Its ok to paint if you use precision paint on those precision surfaces, any machine dealer should have it in spray cans or gallon buckets.
 
Heh.

This is like the time they painted the Moore jig borer at work. Including all the way surfaces.

Never saw a modelmaker curse like that before.
 
Not to hijack the thread (which I guess doesn't matter at this point anyway) but what about bolting painted machine parts on areas that aren't high precision? Do they tend to be impossible to disassemble if they are bolted together with a lot of force?
 
Not to hijack the thread (which I guess doesn't matter at this point anyway) but what about bolting painted machine parts on areas that aren't high precision? Do they tend to be impossible to disassemble if they are bolted together with a lot of force?

World is full of "non precision" stuff done that way.
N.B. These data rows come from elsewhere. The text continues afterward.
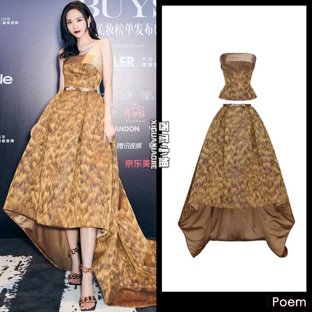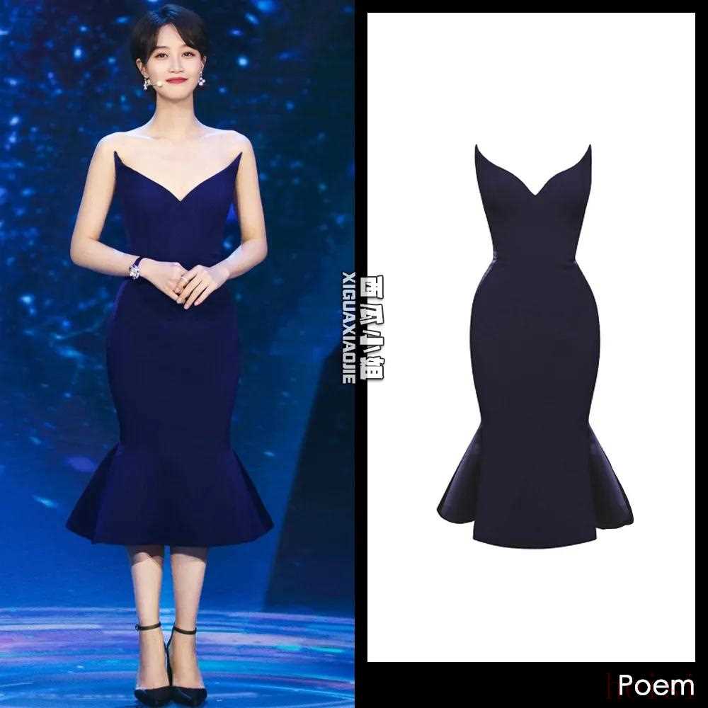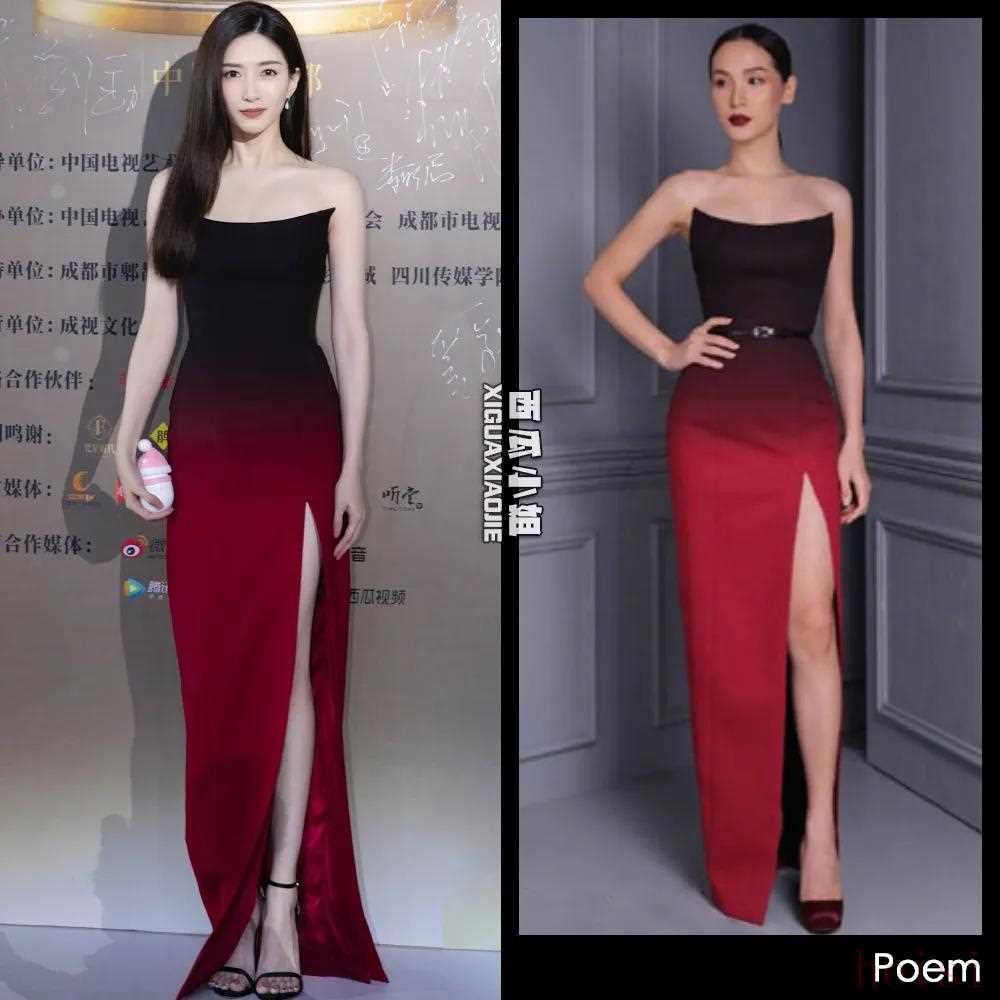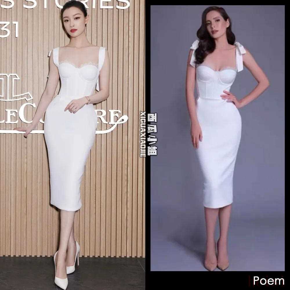 Poem這個牌子和前幾年流行的仙女裙不一樣,走的是勾勒身材的路線,簡單利落,線條硬朗,最大限度的凸顯出女明星的腰臀線條,有一種都市的成熟美艷。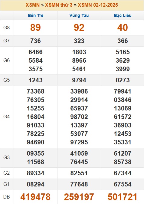 Kết quả xổ số Miền Nam 02/12/2025 thứ 3 tuần trước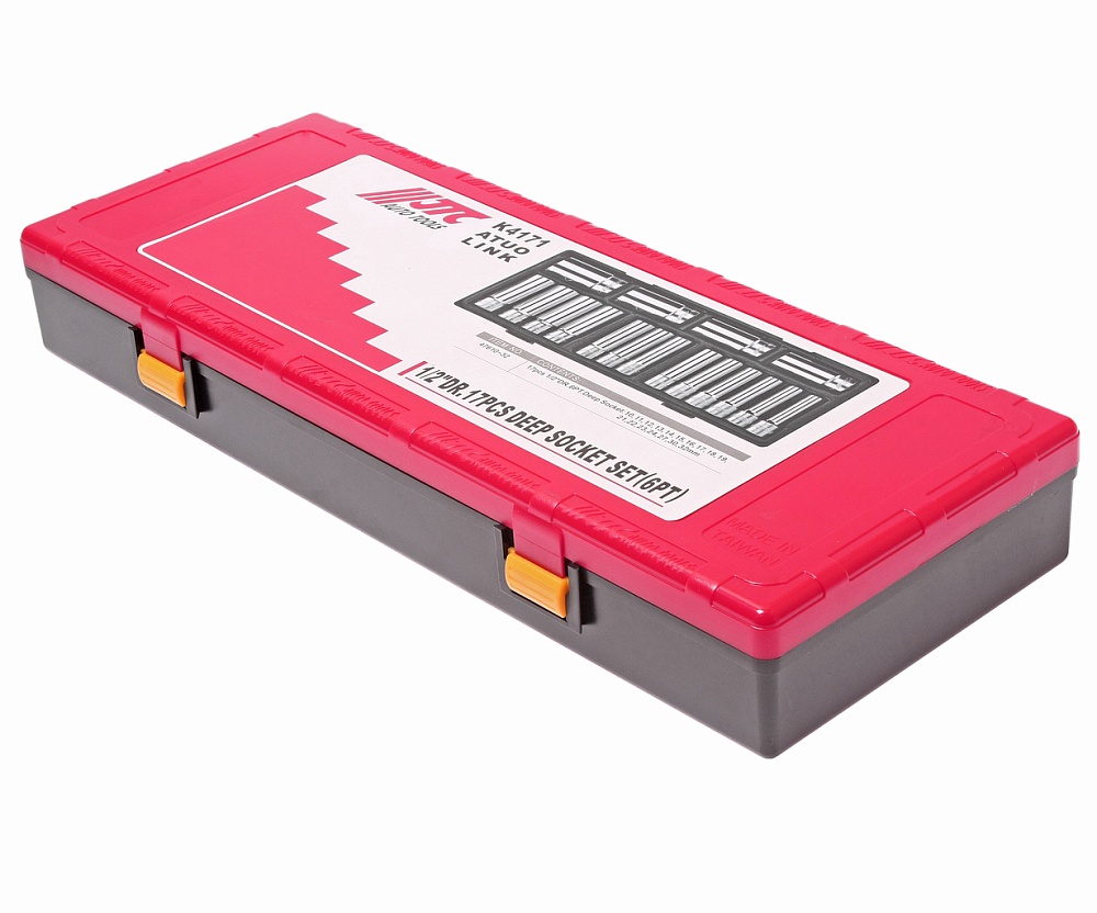 Артикулы JTC-47610-32: головки глубокие 6-гранные, 1/2': 10, 11, 12, 13, 14, 15, 16, 17, 18, 19, 21, 22, 23, 24, 27, 30, 32 мм. - 17 шт.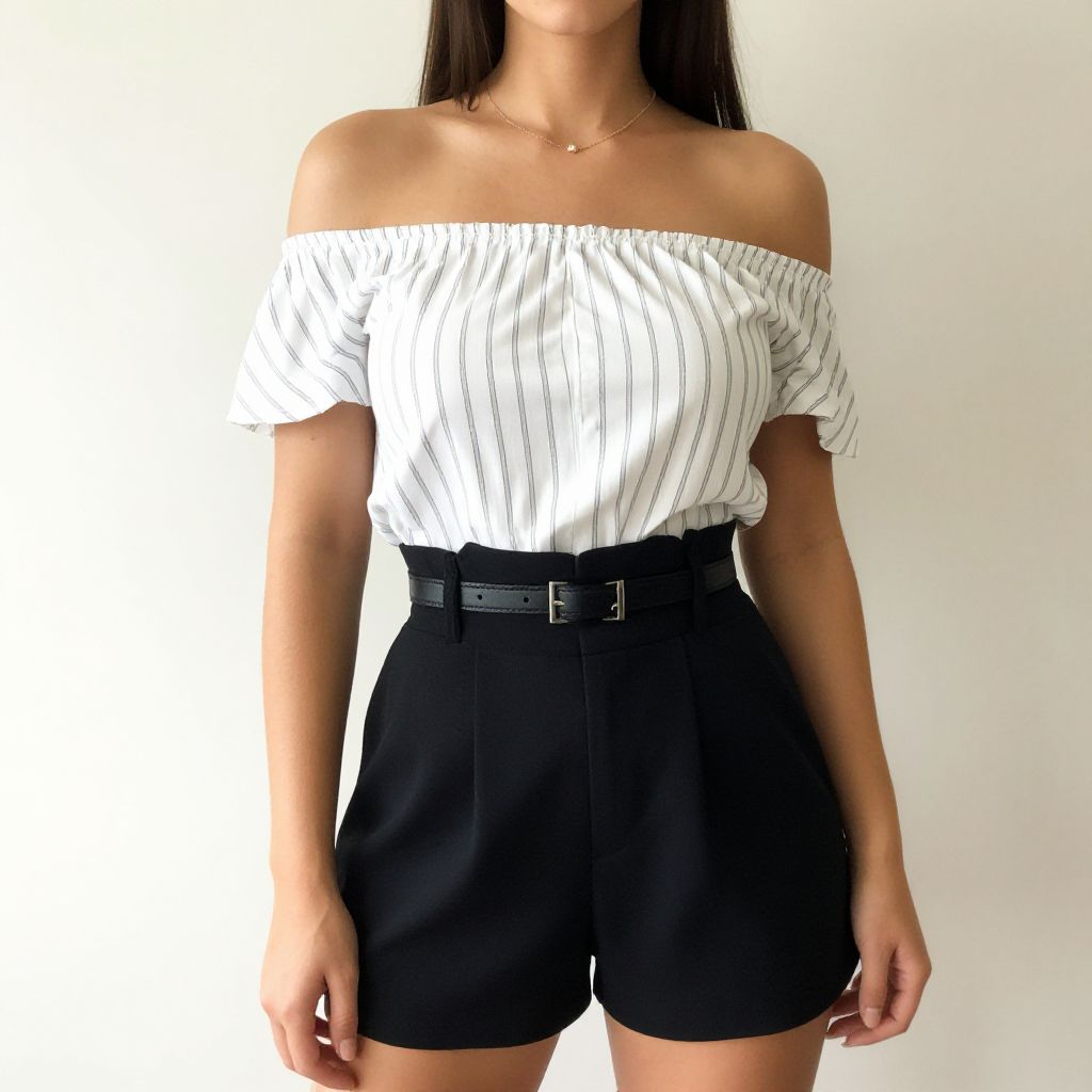 Photograph of a young woman with long dark hair, wearing an off-the-shoulder, white, pinstriped blouse with gathered sleeves and high-waisted, black, belted shorts. She has a fair to medium skin tone and is standing against a plain white background. The blouse is slightly fitted, accentuating her slender physique, and the shorts have a structured, tailored look. She wears a simple gold necklace. The image is well-lit with bright, even lighting, highlighting the contrast between her white top and black shorts.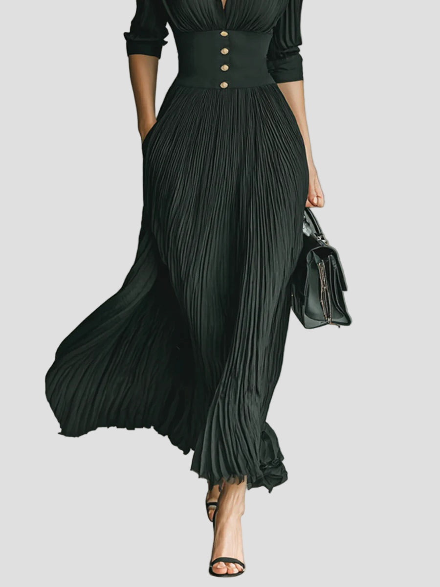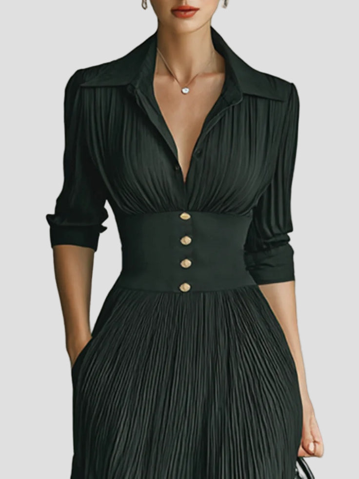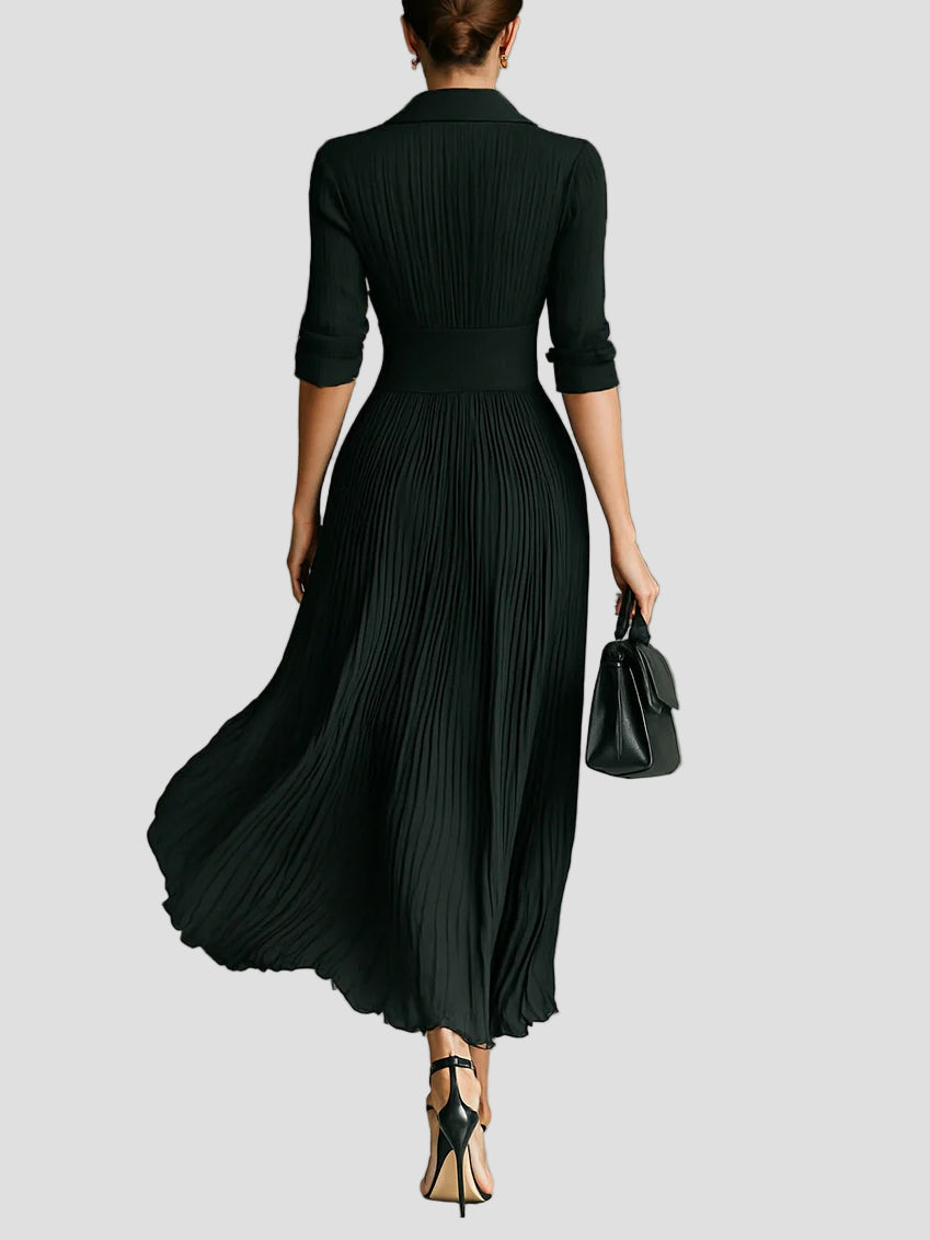 Elegantiškumas, kuris be pastangų lieknina. Akcentuota talėja švelniai formuoja siluetą, o plisuota sijonas seka judesius. Apykaklė su atvartu suteikia elegantiškumo – idealiai tinka tiek biurui, tiek vakarienei.

Some asembled still gummy, some bone-dry. Paint "skins" linseed-oil era were intentionally used as sealants, pre-loctite days.

Surely you've seen it where some of the paint sticks to one surface, some to the other?

Raggedy appearance, but no significant adhesive effect - not on "flats".

Tubes or shafts or posts in hole, yah, PITA maybe. Even so, better than RUST, (it expands..) same joint

Force usually shears right in the paint line. Weakest component, usually.

Plastics? Roll yer dice... Paints ARE a form of plastics, mostly. Not impossible to have one that polymerizes AKA "cross links" to stronger than the plastic it was applied to.